My Book Title

King OR Country – which came first?

On the cover page of my book Ice to Athelstan, a small crown sits above the ‘A’ of Athelstan. This is picked  up in the strapline at the foot of the page, which refers to Athelstan as ‘England’s first Crowned King.’  This raises at least three questions: what makes a king; did England exist at the time; and, if so, was Athelstan really the first king of England?

I raise this because a friend who recently visited Bath Abbey noted that that the abbey guidebook (and website) makes much of its historic role as the place where King Edgar was crowned ‘the First King of All England’ in 973. In many ways Edgar did build on and even surpass the achievements of Athelstan, but the word ‘All’ is significant here, raising the question of whether England actually ‘emerged’ in several stages. These issues are considered in more detail in Chapter 12 and the Postscript to Ice to Athelstan.

The first question is: what made a king? At this time we can be fairly clear that it was not just election by the Witan but the coronation and anointment with holy oil (something still insisted on by our current day King Charles) that definitely established a king as such. Both Athelstan and Edgar qualify here.

So what about ‘England’? In the time of both Athelstan through to Edgar what did exist was a broadly, but not definitively, defined area of Britain inhabited by a people who had developed from the original ‘Angelcynn’ of Bede and ‘Englisc’ of King Alfred to become known generically as ‘English’. The country itself was then referred to as Engla-land or Engla londe, with the name England only becoming in general use some centuries later.

By Athelstan’s time the king of that country was often referred to as the ‘king of the English’. But Athelstan later grandiosely styled himself ‘Ruler of the Whole of Britain’. What he and Edgar after him sought to do was to claim dominion of the whole of Britain by forcing the rulers of the emerging Scotland and Wales also to accept them as their overlord. Even if this was done in an effort to boost the English kings’ international reputations and limit ongoing conflict on England’s northern and western borders, this overreach served further to fuel Scottish and Welsh drives for their own national identities.   

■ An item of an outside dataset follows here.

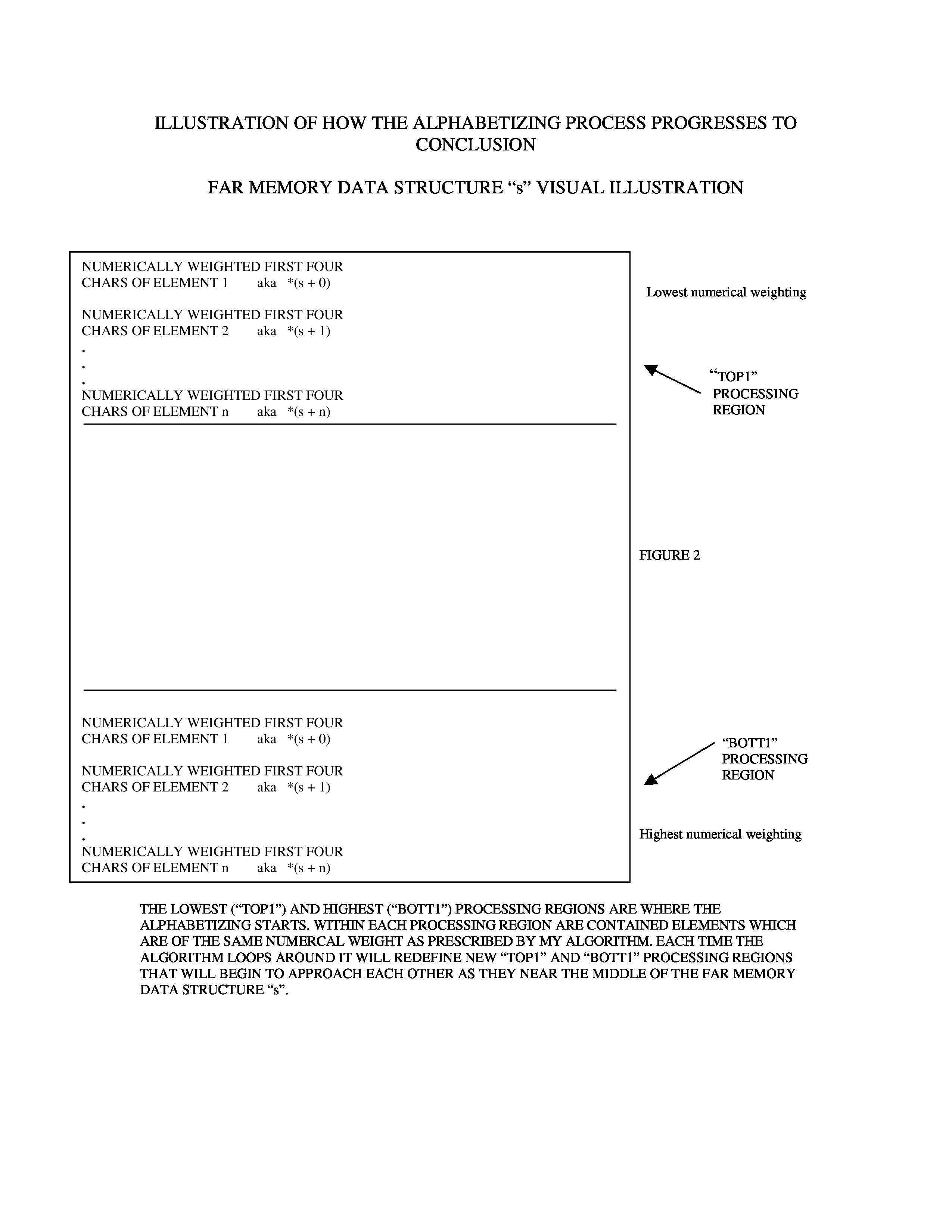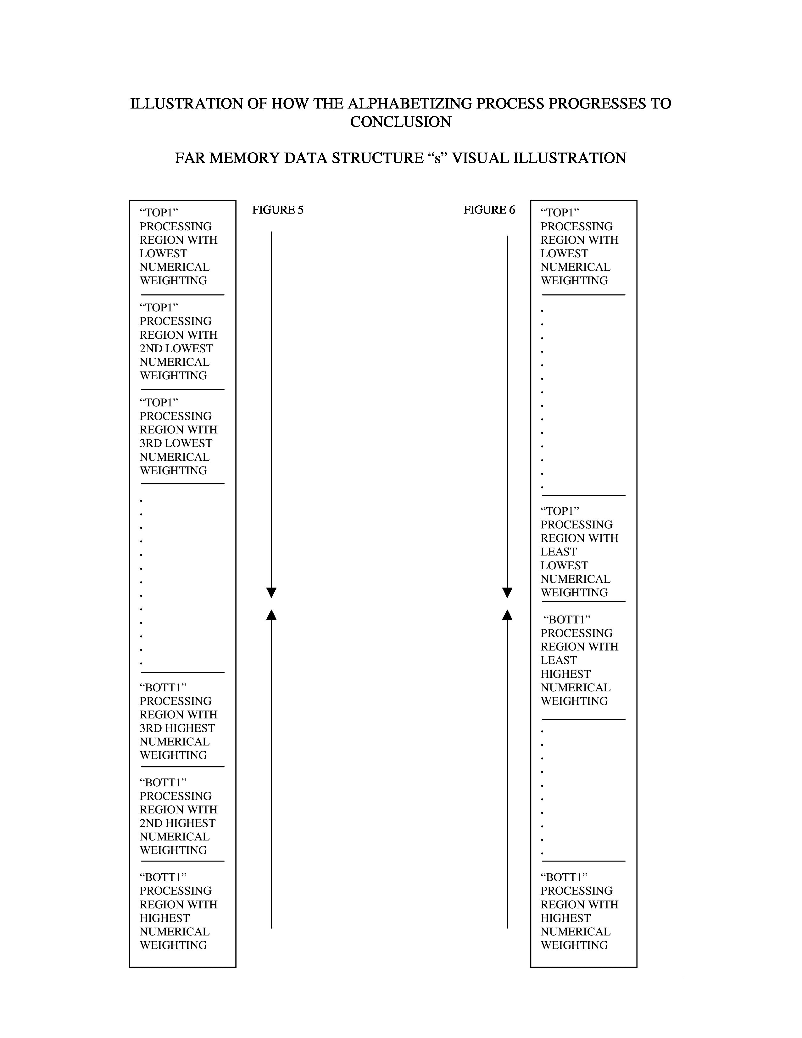 這兩個處理區域將在空間上彼此靠近,隨著它們從“主”處理迴圈的每次傳遞中重新定義,它們會向遠記憶體資料結構“s”的中心移動。每個新的“top1”處理區域的數值將高於其前一個“top1”區域。每個新的“bott1”處理區域的數值將低於其前一個“bott1”區域。請參考圖 3、4、5 和 6,以直觀地說明演算法的進展,因為 successive “top1” 和 “bott1” 處理區域在每次透過“主”處理迴圈時都會被重新定義。

These are some of the reasons why most internet searches and reviews of recent historical writing plump firmly for Athelstan as the first king of England. What probably matters more today, however, in the days of more presidents than kings, is what really makes a country, and what right others have to seek to reclaim territory on their own interpretation of history or perceived economic gain. Athelstan and Edgar were neither the first nor the last to overreach.